Catechism of the Catholic Church, #2578
“In expectation of that day, the believer’s body and soul already participate in the dignity of belonging to Christ. This dignity entails the demand that he should treat with respect his own body, but also the body of every other person, especially the suffering: ‘The body [is meant] for the Lord, and the Lord for the body. and God raised the Lord and will also raise us up by his power. Do you not know that your bodies are members of Christ? …. You are not your own; …. So glorify God in your body.’”
Catechism of the Catholic Church, #878
“Finally, it belongs to the sacramental nature of ecclesial ministry that it have a personal character. Although Christ’s ministers act in communion with one another, they also always act in a personal way. Each one is called personally: ‘You, follow me’ in order to be a personal witness within the common mission, to bear personal responsibility before him who gives the mission, acting ‘in his person’ and for other persons: ‘I baptize you in the name of the Father and of the Son and of the Holy Spirit…’; ‘I absolve you…’”
Bl. Charles de Foucauld
“How good you are, my Lord Jesus, to be willing to be called the Lamb of God, which means that like a lamb you are a victim, and as meek as a lamb…and that you belong to God, so that whatever you do, you do for God! Following your example, we too are victims, O beloved Jesus; we are victims on account of your love, holocausts that burn in your honor through mortification and prayer, pouring ourselves out in absolute renunciation of self for you alone, utterly forgetting ourselves and dedicating every moment to trying to please you as much as possible. …O Jesus, your first word to your disciples is: ‘Come and see,’ that is to say ‘follow and observe’ which means ‘copy and contemplate’… Your last word is ‘Follow me’ … How tender and sweet and beneficial and loving is this word! ‘Follow me’…, that is ‘imitate me!’ … What can be sweeter to hear for one who loves? What more salutary, from the moment that imitation is thus intimately joined to love?”
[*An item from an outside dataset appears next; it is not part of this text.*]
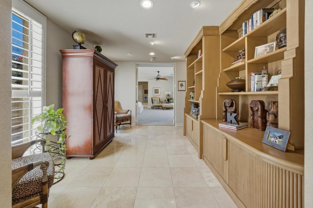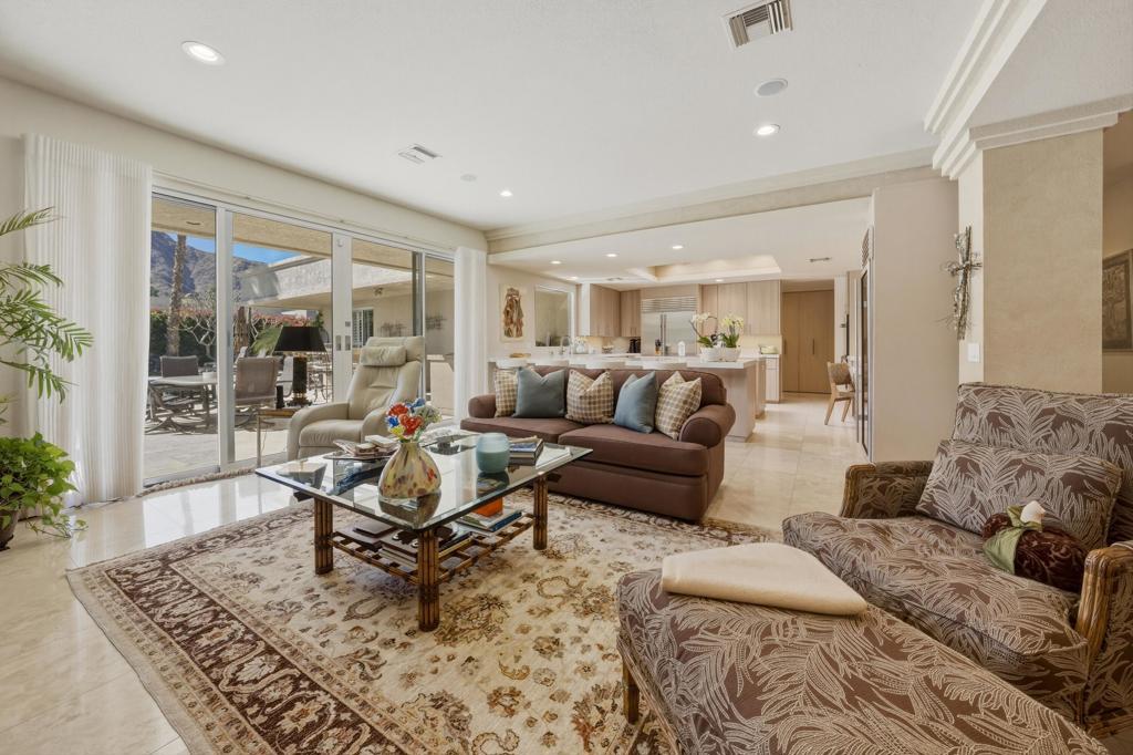 Welcome to luxury desert living behind the private gates of Indian Wells Country Club. This stunning custom estate offers breathtaking south-facing mountain views and the privacy of a 22,216 sq. ft. corner lot--your own serene desert sanctuary.Designed for both everyday comfort and upscale entertaining, the home flows effortlessly from one impressive space to the next. The intimate living room features a beautiful fireplace, soaring ceilings, and polished travertine floors, opening to a perfectly placed step-down bar, a formal dining area with a built-in buffet and a tasteful Powder Bath for your guests. The inviting family room and newly remodeled kitchen capture sweeping views of the sparkling saltwater Pebble Tec pool and mountains beyond. Complete with custom cabinetry, quartz countertops, a breakfast bar, and center island, the kitchen is ideal for casual gatherings and effortless hosting.A thoughtful split-wing floor plan creates exceptional privacy. The expansive primary suite is a true retreat with a separate sitting area, office alcove, soaking tub, walk-in shower, dual vanities, and a large walk-in closet. Across the home, a Guest Retreat includes a full bath with sauna, walk-in closet and private yard with patio. Two additional ensuite bedrooms offer a perfect guest setup in the guest wing.Step outside to a resort-style backyard oasis featuring an outdoor patio living room with fireplace, multiple dining and lounging areas, and a covered patio with built-in BBQ bar and outdoor kitchen. Lush landscaping surrounds the home, while a rock wall waterfall adds a tranquil touch to the pool setting.Additional highlights include an epoxy-floor, 3-car garage with ample storage and A/C. All of this--plus NO HOA.

Saint Thomas Aquinas, Commentary on the Gospel of John, 292
In the mystical sense, he says, Come and see, because the dwelling of God, whether of glory or grace, cannot be known except by experience: for it cannot be explained in words: ‘I will give him a white stone upon which is written a new name, which no one knows but he who receives it’ (Rev 2:17). And so he says, Come and see: Come, by believing and working; and see, by experiencing and understanding.